Frente a ese reducido mundo de ideas recibidas, lugares comunes, falsas informaciones
y banalidades, aparece la palabra “cultura” como la única posibilidad de no dejarse invadir
por ese mundo. Mirada con desconfianza, con recelo, se le juzga como algo inútil, o bien,
al alcance de unos cuantos snobs que se contentan de hacer gala de sus copiosos pero
inservibles conocimientos, más dignos de un espectáculo de talentos, o como simples
enciclopedias vivientes, encargadas de resolver dudas a diestra y siniestra. Y es que al
hombre moderno le incomoda la concepción de cultura como el cultivo del hombre, el
conjunto de conocimientos que ennoblecen la vida del ser humano y lo elevan a vivir
dignamente. Es justamente esa definición la que hacemos nuestra.

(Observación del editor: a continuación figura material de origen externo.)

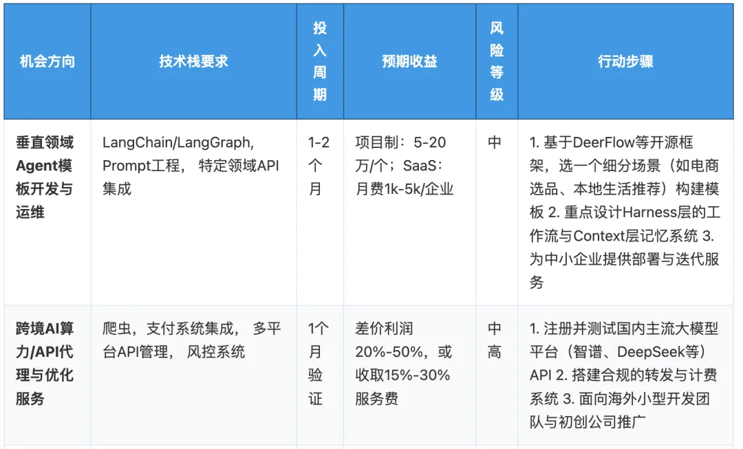 企业级Agent定制与多模态内容生成工具集成,机会窗口期为6-12个月,随后将出现标准化产品,门槛降低,竞争加剧。
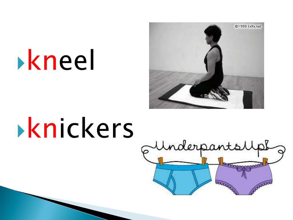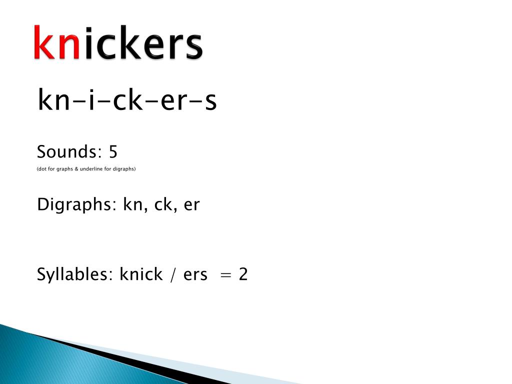 knickers kn-i-ck-er-s Sounds: 5 (dot for graphs & underline for digraphs) Digraphs: kn, ck, er Syllables: knick/ ers= 2
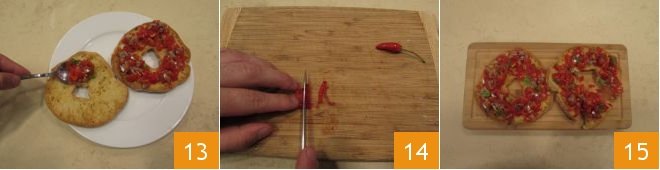 At this point, place the tomato and anchovy salad on the friselle, using a spoon 13. Remove the seeds from the chili pepper, cut it into strips 14, and place it on the friselle with cherry tomatoes and anchovies 15.
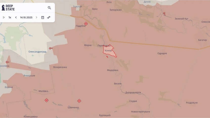 У ніч на 15 жовтня аналітичний проєкт DeepState повідомив про окупацію росіянами трьох населених пунктів на Донеччині, йдеться про Перебудову, Комар та Мирне, що знаходяться на Новопавлівському напрямку.
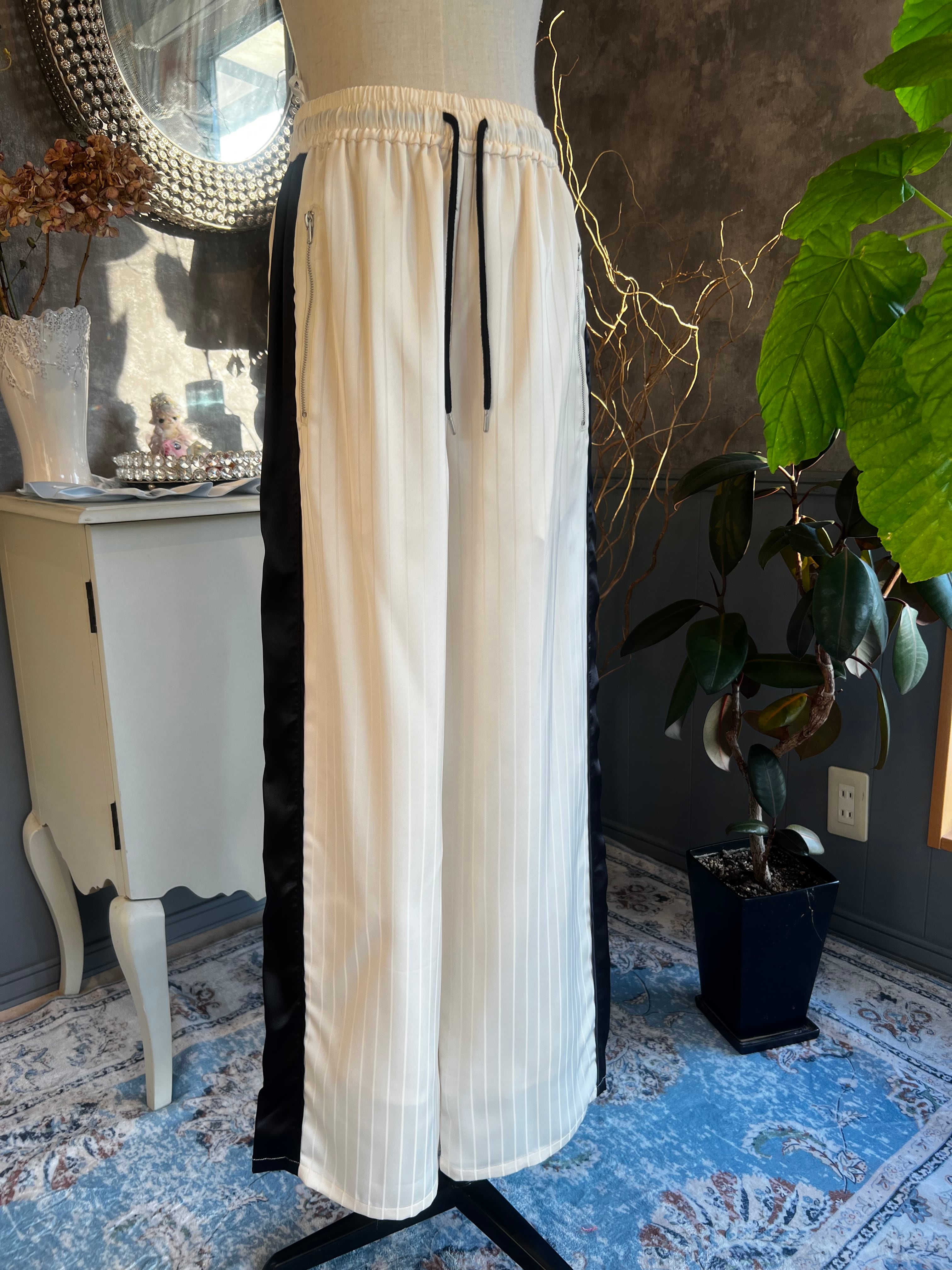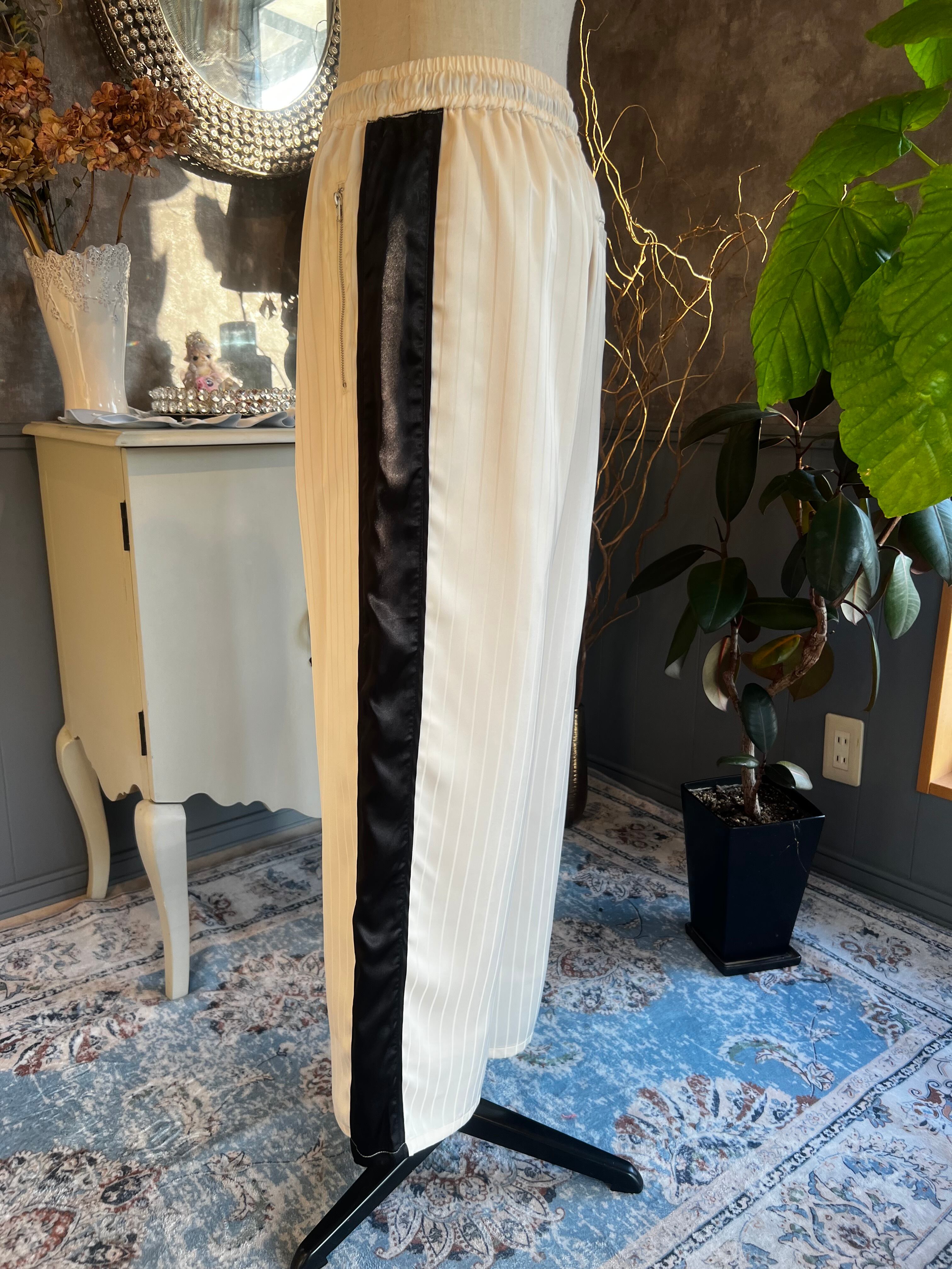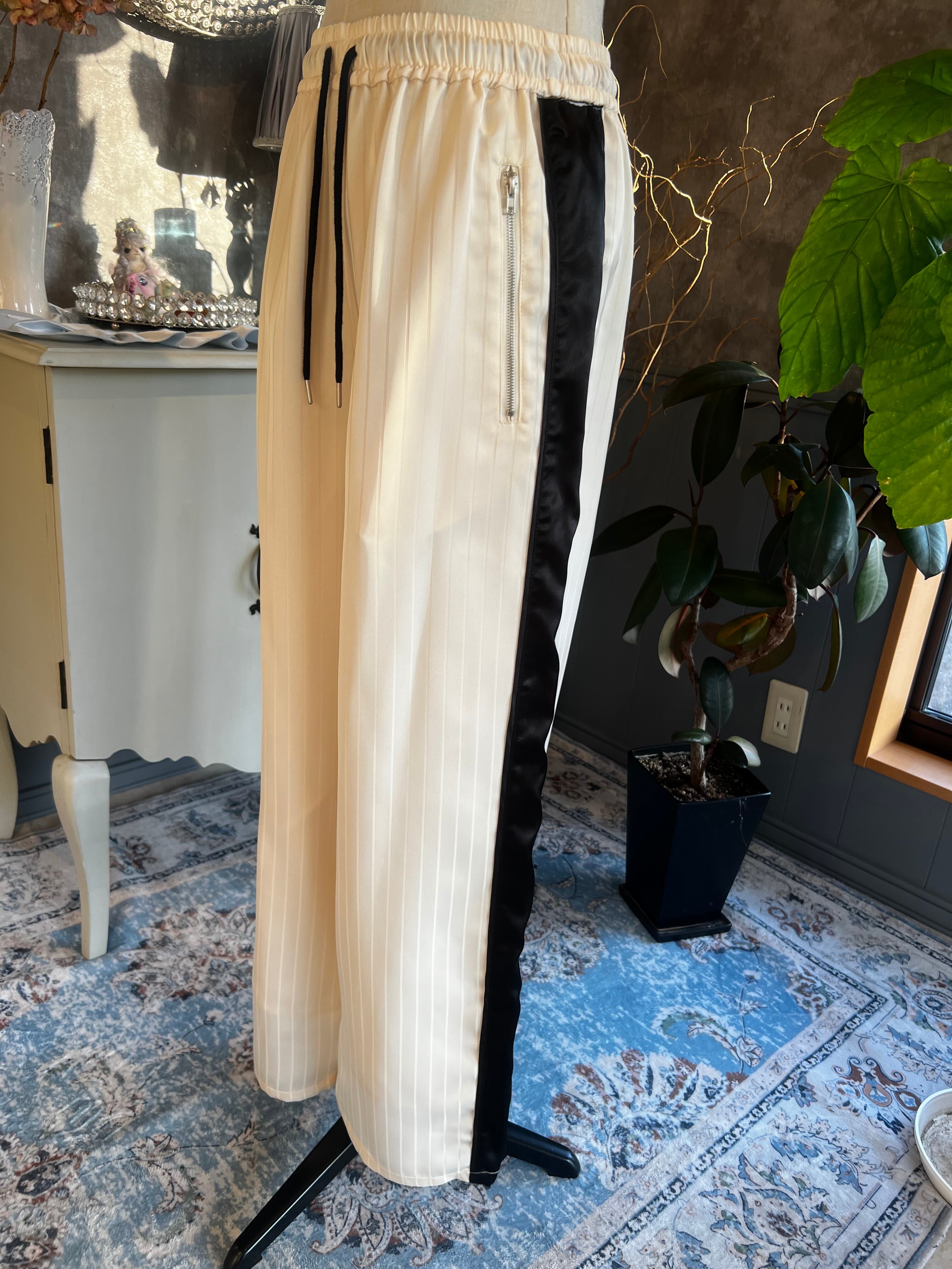 MICALLE MICALLE ピンストライプサイドライン パンツ White

Invariablemente, lo anterior lleva a preguntarnos: ¿sirve la cultura para algo? ¿tiene que
servir para algo?
La respuesta inmediata, no exenta de algo de cinismo, sería sin duda “no”. Basta mirar a
nuestro alrededor. Puestos políticos de no poca envergadura, son sostenidos por personas
que brillan por su ignorancia e incapacidad; personas en lugares estratégicos, donde el
conocimiento es elemento base del competente desarrollo de su actividad, dependen de
subalternos que, ellos sí, poseen la cultura suficiente…para hacer que el jefe brille. Fama,
“éxito”, y posición económica, están rara vez al alcance de mentes privilegiadas y, en
cambio, son el premio y la recompensa a la mediocridad y la desfachatez.
Porque vivimos en una sociedad que se complace en hacer la apología de la mediocridad
y la desfachatez. Como pocas cosas, la música es un claro ejemplo del nivel infrahumano
al que hemos llegado. Adiós a Vivaldi, Bach y Mozart, compositores “demasiado
complicados y elevados”, creadores de músicas “que no se cantan ni se bailan”. Hola a
estilos musicales de dudosa calidad estética -música basada simplemente en los más
primitivos instintos del hombre.
Sin embargo, más allá de las anteriores consideraciones sobre el lamentable estado de
nuestra sociedad, creemos que la cultura puede reivindicarse por sí misma. Dejando de
lado el tópico utilitarista del valor de la aplicación factual de las cosas, es evidente que la
Cultura posee innegables atributos que, por sí solos, hacen que merezca la pena
replantearse la pregunta de la necesidad de aquella.